#### [WORK INSTRUCTION]
Copy everything in the data below exactly except the pictures.

#### [GIVEN MATERIAL]
╭──

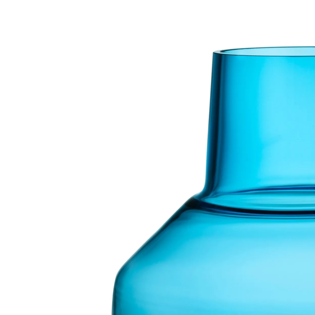 Den låga Solare-vasen på 220×200 mm i en elektriskt blå säsongsfärg ger ett djärvt uttryck med en iögonfallande nyans och rena, futuristiska former. Den är munblåst på Iittala glasbruk i Finland och representerar hantverk på högsta nivå, där industriell precision kombineras med yppersta hantverksskicklighet. Den livliga elektriskt blå färgen framhäver vasens eleganta silhuett och skapar ett dynamiskt blickfång i alla slags moderna rum. Vasen är utformad för större buketter och lyfter blomsterarrangemanget samtidigt som den reflekterar och fångar ljus på ett sätt som förändrar miljön den står i. Vare sig den placeras på ett matbord eller blir ett skulpturalt designelement på en hylla tillför Solare-vasen en elektrisk känsla i din inredning.
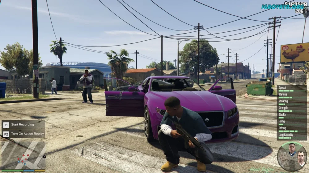 Grand Theft Auto 5 — это невероятный симулятор открытого мира, который погружает вас в атмосферу солнечного Лос-Сантоса. Этот мегаполис, напоминающий Лос-Анджелес, поражает своей контрастностью: роскошь и преступность идут здесь рука об руку. Мир игры масштабен и разнообразен — от живописных сельских местностей до шумных городских улиц. Разработчики уделили внимание каждой детали, что делает игру незабываемой на максимальных настройках графики.
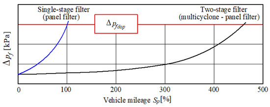 The limited literature data indicate that a two-stage filter, compared to a single-stage filter, extends the service life of the air filtration system several times (until the permissible filter pressure drop value Δpfdop is reached). In a combustion engine of a motor vehicle, this is associated with an extension of the vehicle’s mileage (Figure 13). The Δpfdop values of air filters of motor vehicle engines, determined from the condition of a 3% decrease in engine power, are at the level of 2.5–4.0 kPa—passenger car engines and 4–7 kPa—truck and special vehicle engines [52,53]. The intensity of the increase in air filter resistance during operation depends on the amount of dust directed from the multicyclone to the filter element, which is mainly determined by the efficiency of the cyclones, and on the filtration properties of the partition filter, which is decisively influenced by the properties of the filter material from which it is made.
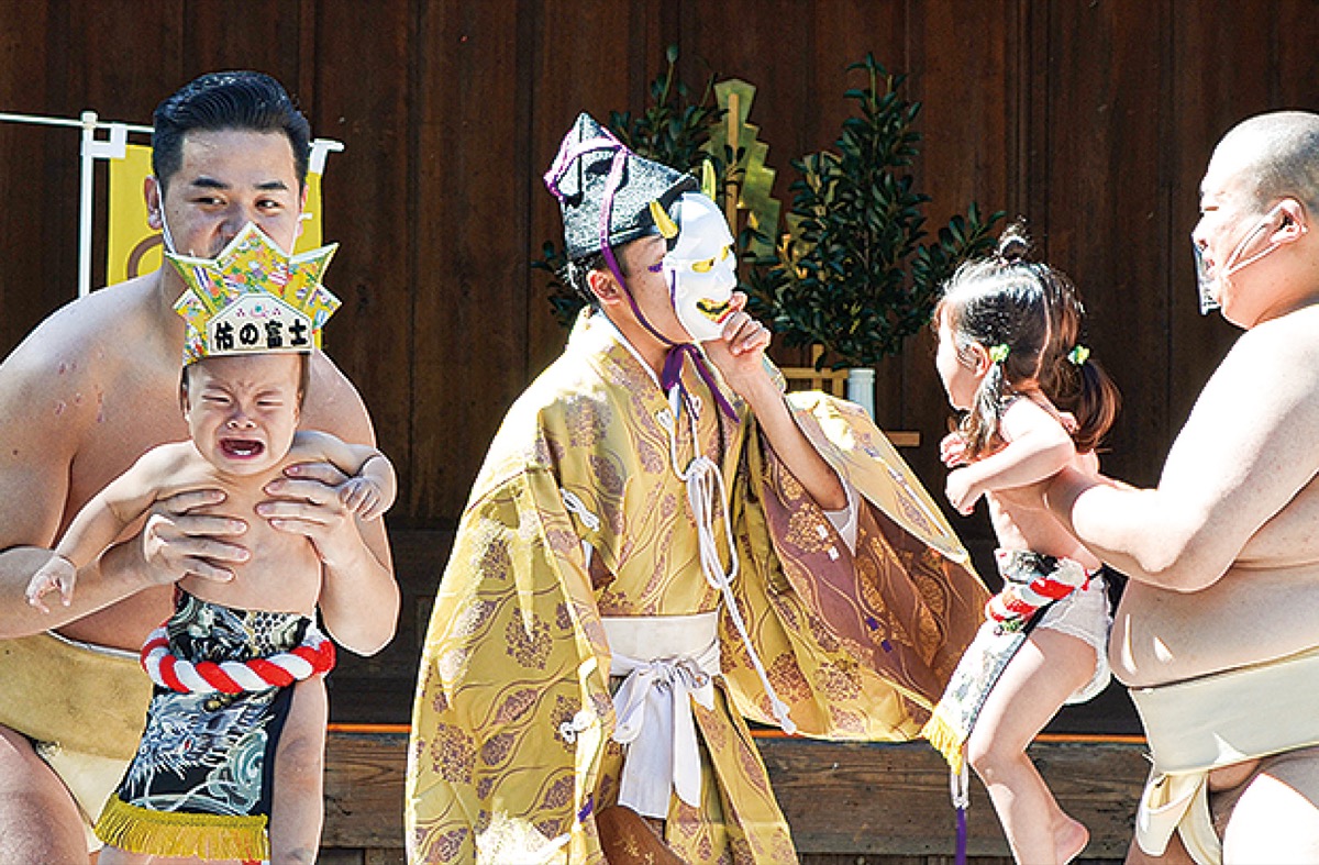 赤ちゃんが元気に泣くことで健やかな成長を願う神事。鳴き声が邪気を払うとされ、400年以上の歴史があるとされている。

╰──

#### [REPLY]
 Den låga Solare-vasen på 220×200 mm i en elektriskt blå säsongsfärg ger ett djärvt uttryck med en iögonfallande nyans och rena, futuristiska former. Den är munblåst på Iittala glasbruk i Finland och representerar hantverk på högsta nivå, där industriell precision kombineras med yppersta hantverksskicklighet. Den livliga elektriskt blå färgen framhäver vasens eleganta silhuett och skapar ett dynamiskt blickfång i alla slags moderna rum. Vasen är utformad för större buketter och lyfter blomsterarrangemanget samtidigt som den reflekterar och fångar ljus på ett sätt som förändrar miljön den står i. Vare sig den placeras på ett matbord eller blir ett skulpturalt designelement på en hylla tillför Solare-vasen en elektrisk känsla i din inredning.
 Grand Theft Auto 5 — это невероятный симулятор открытого мира, который погружает вас в атмосферу солнечного Лос-Сантоса. Этот мегаполис, напоминающий Лос-Анджелес, поражает своей контрастностью: роскошь и преступность идут здесь рука об руку. Мир игры масштабен и разнообразен — от живописных сельских местностей до шумных городских улиц. Разработчики уделили внимание каждой детали, что делает игру незабываемой на максимальных настройках графики.
 The limited literature data indicate that a two-stage filter, compared to a single-stage filter, extends the service life of the air filtration system several times (until the permissible filter pressure drop value Δpfdop is reached). In a combustion engine of a motor vehicle, this is associated with an extension of the vehicle’s mileage (Figure 13). The Δpfdop values of air filters of motor vehicle engines, determined from the condition of a 3% decrease in engine power, are at the level of 2.5–4.0 kPa—passenger car engines and 4–7 kPa—truck and special vehicle engines [52,53]. The intensity of the increase in air filter resistance during operation depends on the amount of dust directed from the multicyclone to the filter element, which is mainly determined by the efficiency of the cyclones, and on the filtration properties of the partition filter, which is decisively influenced by the properties of the filter material from which it is made.
 赤ちゃんが元気に泣くことで健やかな成長を願う神事。鳴き声が邪気を払うとされ、400年以上の歴史があるとされている。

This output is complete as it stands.